◆ **DATASET EXTRACT**:
----
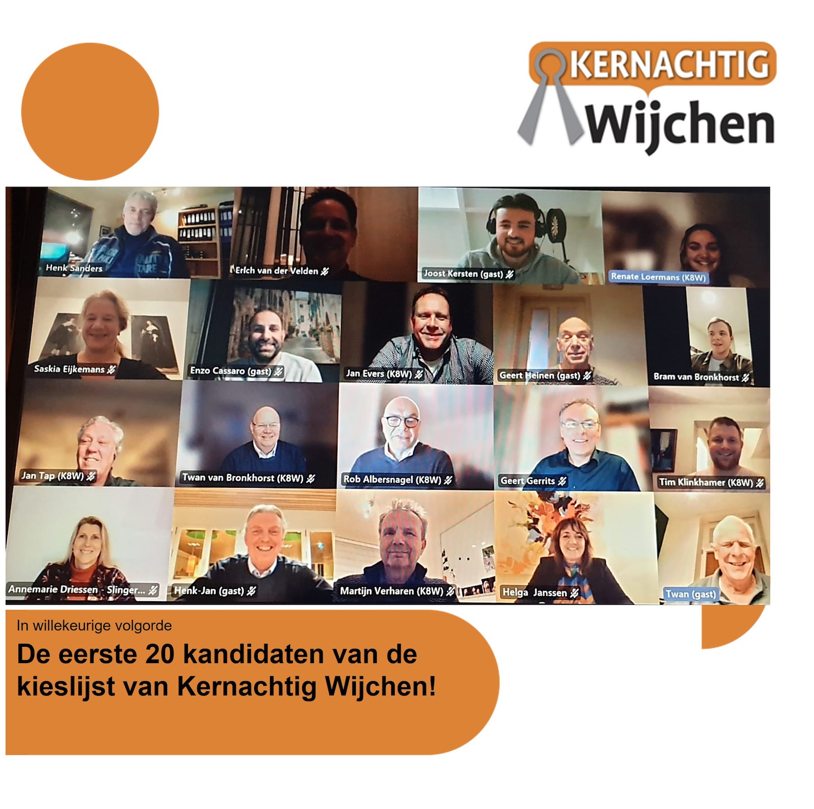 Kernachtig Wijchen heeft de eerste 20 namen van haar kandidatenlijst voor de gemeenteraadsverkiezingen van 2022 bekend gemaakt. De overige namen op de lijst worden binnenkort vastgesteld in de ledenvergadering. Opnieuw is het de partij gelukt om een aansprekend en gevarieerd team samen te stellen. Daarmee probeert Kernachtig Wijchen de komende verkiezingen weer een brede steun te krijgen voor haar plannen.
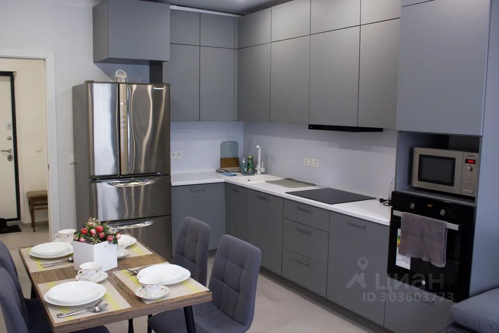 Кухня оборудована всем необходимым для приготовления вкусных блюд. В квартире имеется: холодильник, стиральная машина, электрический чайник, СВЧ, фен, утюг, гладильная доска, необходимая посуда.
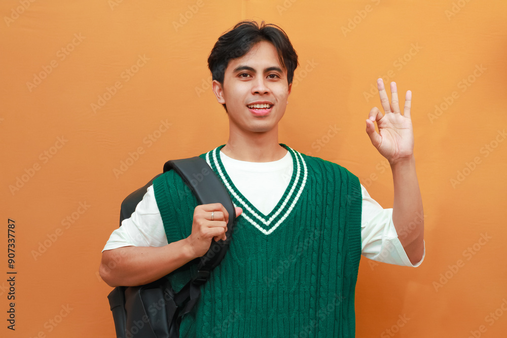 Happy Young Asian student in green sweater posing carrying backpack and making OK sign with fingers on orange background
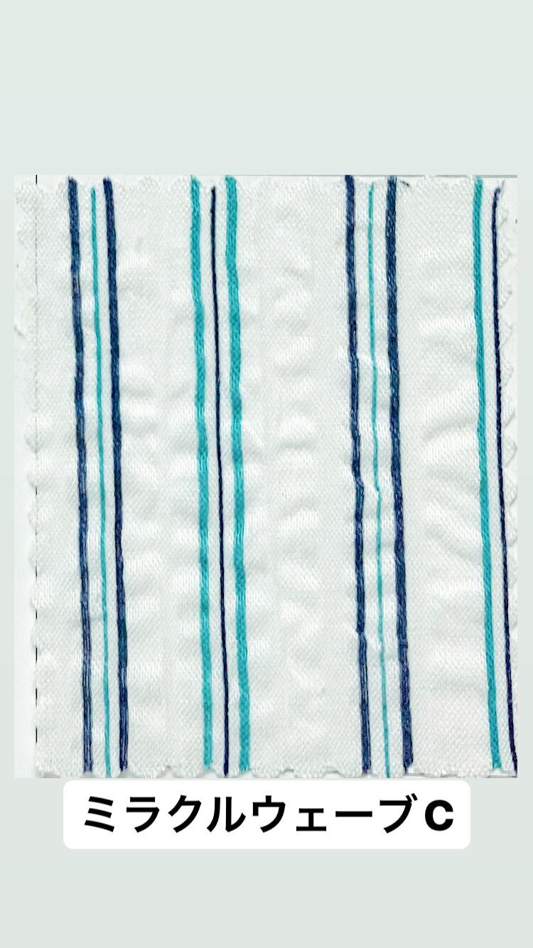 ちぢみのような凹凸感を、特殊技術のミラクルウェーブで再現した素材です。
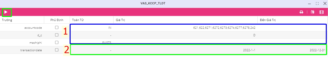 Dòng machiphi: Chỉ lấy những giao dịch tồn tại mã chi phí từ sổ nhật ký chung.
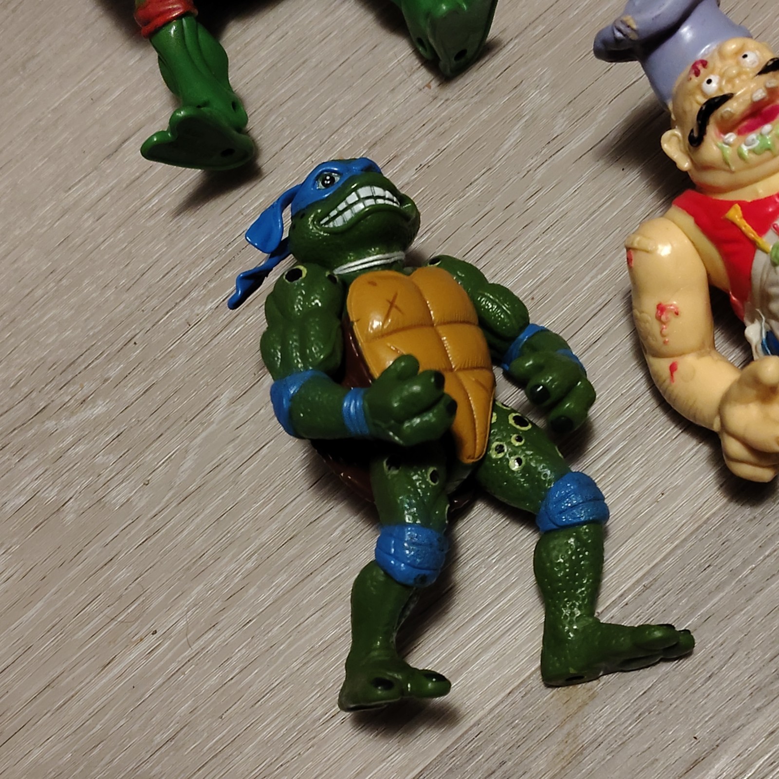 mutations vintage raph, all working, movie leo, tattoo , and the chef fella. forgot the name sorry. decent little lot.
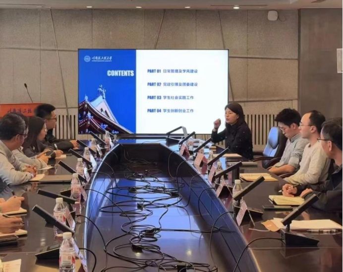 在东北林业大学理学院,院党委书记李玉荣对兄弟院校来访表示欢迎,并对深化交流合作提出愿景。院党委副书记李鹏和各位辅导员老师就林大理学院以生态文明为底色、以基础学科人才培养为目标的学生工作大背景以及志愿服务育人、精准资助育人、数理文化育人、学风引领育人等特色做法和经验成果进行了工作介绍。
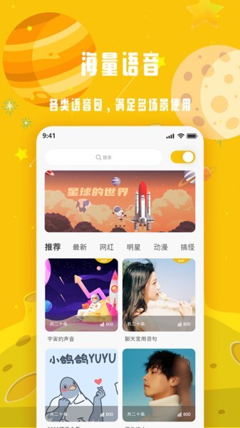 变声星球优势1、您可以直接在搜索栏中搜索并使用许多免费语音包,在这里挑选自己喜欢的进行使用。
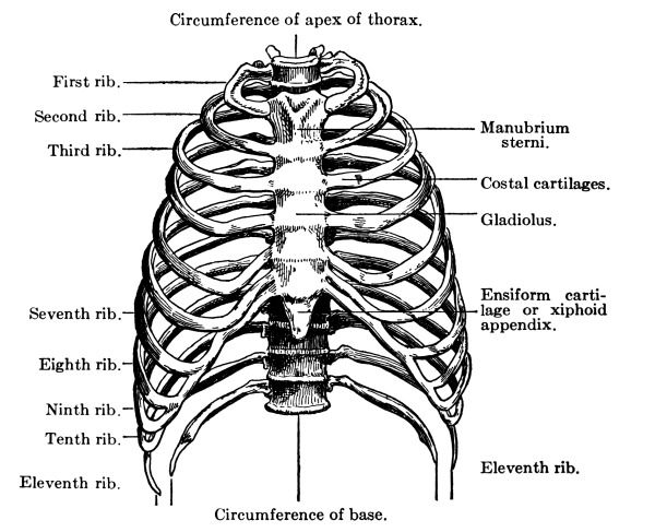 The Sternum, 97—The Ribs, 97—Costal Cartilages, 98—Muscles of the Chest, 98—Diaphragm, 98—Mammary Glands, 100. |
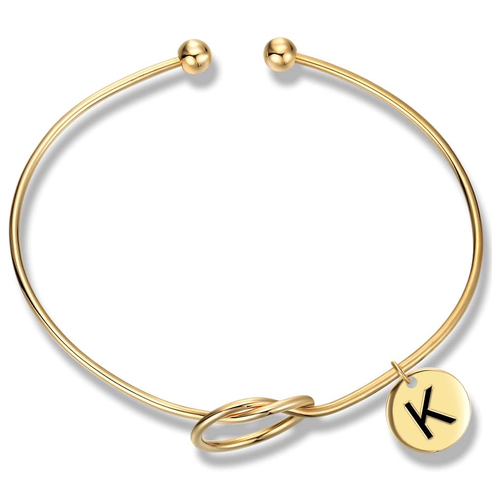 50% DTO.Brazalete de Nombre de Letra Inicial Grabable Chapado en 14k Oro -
----
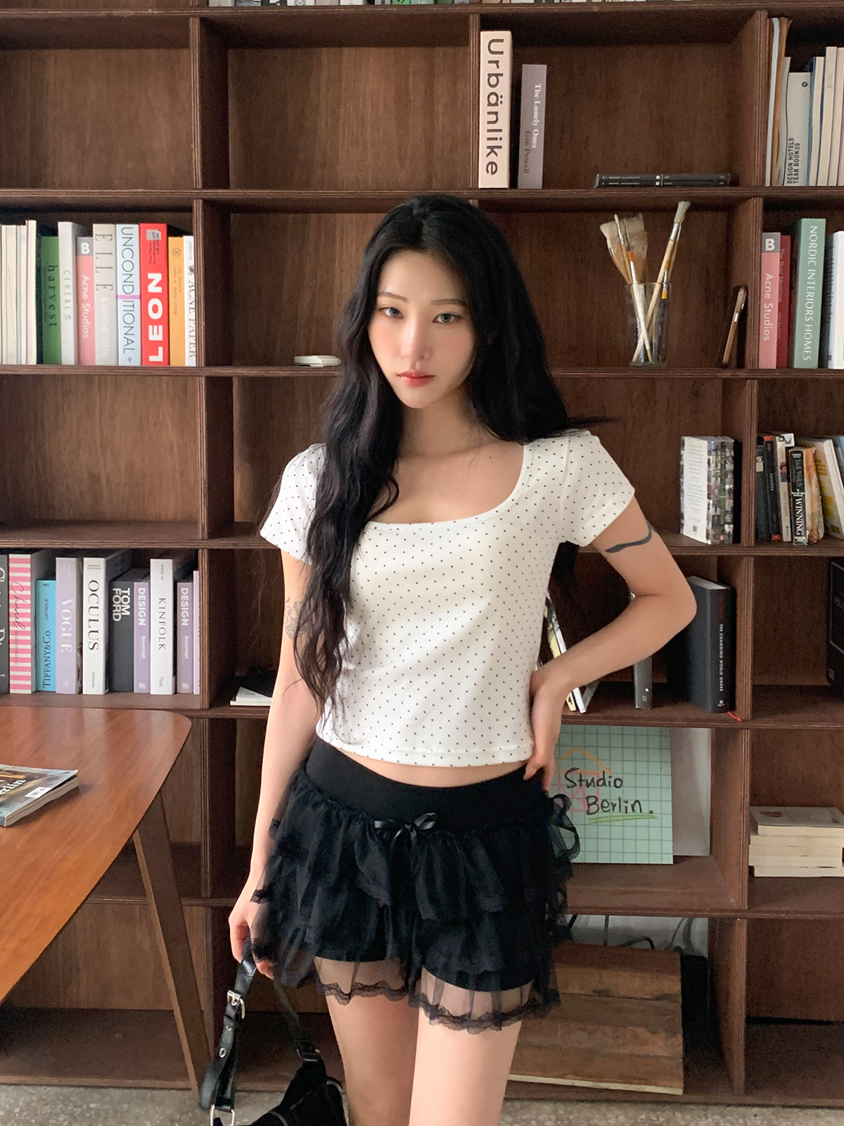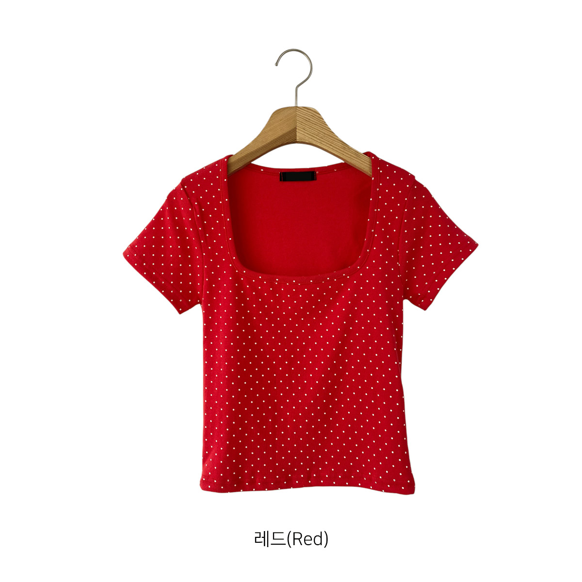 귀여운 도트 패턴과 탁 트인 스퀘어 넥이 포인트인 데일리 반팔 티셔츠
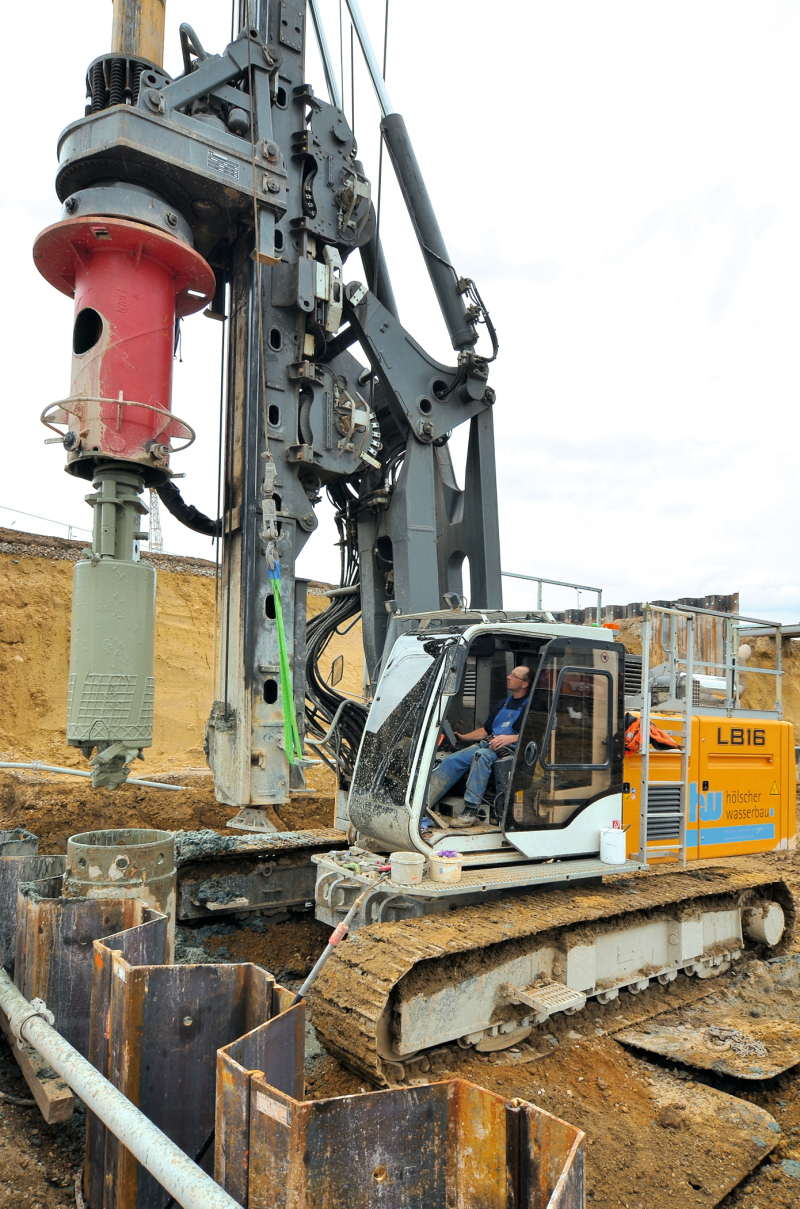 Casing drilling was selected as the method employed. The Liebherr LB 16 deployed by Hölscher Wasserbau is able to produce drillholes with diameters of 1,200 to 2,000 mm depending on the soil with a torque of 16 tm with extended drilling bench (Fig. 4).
----
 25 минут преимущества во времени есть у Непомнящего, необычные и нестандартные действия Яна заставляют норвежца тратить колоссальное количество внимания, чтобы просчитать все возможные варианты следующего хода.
----
◆ **WHAT THIS TASK INVOLVES**: Using the data above, output the line that has "ちぢみのような凹凸感を、特殊技術のミラクルウェーブで再現した素材です。", the line that has "50% DTO.Brazalete de", and whatever lines fall between, each exactly as it stands and without pictures.

◆ **ANSWER BOX**:
 ちぢみのような凹凸感を、特殊技術のミラクルウェーブで再現した素材です。
 Dòng machiphi: Chỉ lấy những giao dịch tồn tại mã chi phí từ sổ nhật ký chung.
 mutations vintage raph, all working, movie leo, tattoo , and the chef fella. forgot the name sorry. decent little lot.
 在东北林业大学理学院,院党委书记李玉荣对兄弟院校来访表示欢迎,并对深化交流合作提出愿景。院党委副书记李鹏和各位辅导员老师就林大理学院以生态文明为底色、以基础学科人才培养为目标的学生工作大背景以及志愿服务育人、精准资助育人、数理文化育人、学风引领育人等特色做法和经验成果进行了工作介绍。
 变声星球优势1、您可以直接在搜索栏中搜索并使用许多免费语音包,在这里挑选自己喜欢的进行使用。
 The Sternum, 97—The Ribs, 97—Costal Cartilages, 98—Muscles of the Chest, 98—Diaphragm, 98—Mammary Glands, 100. |
 50% DTO.Brazalete de Nombre de Letra Inicial Grabable Chapado en 14k Oro -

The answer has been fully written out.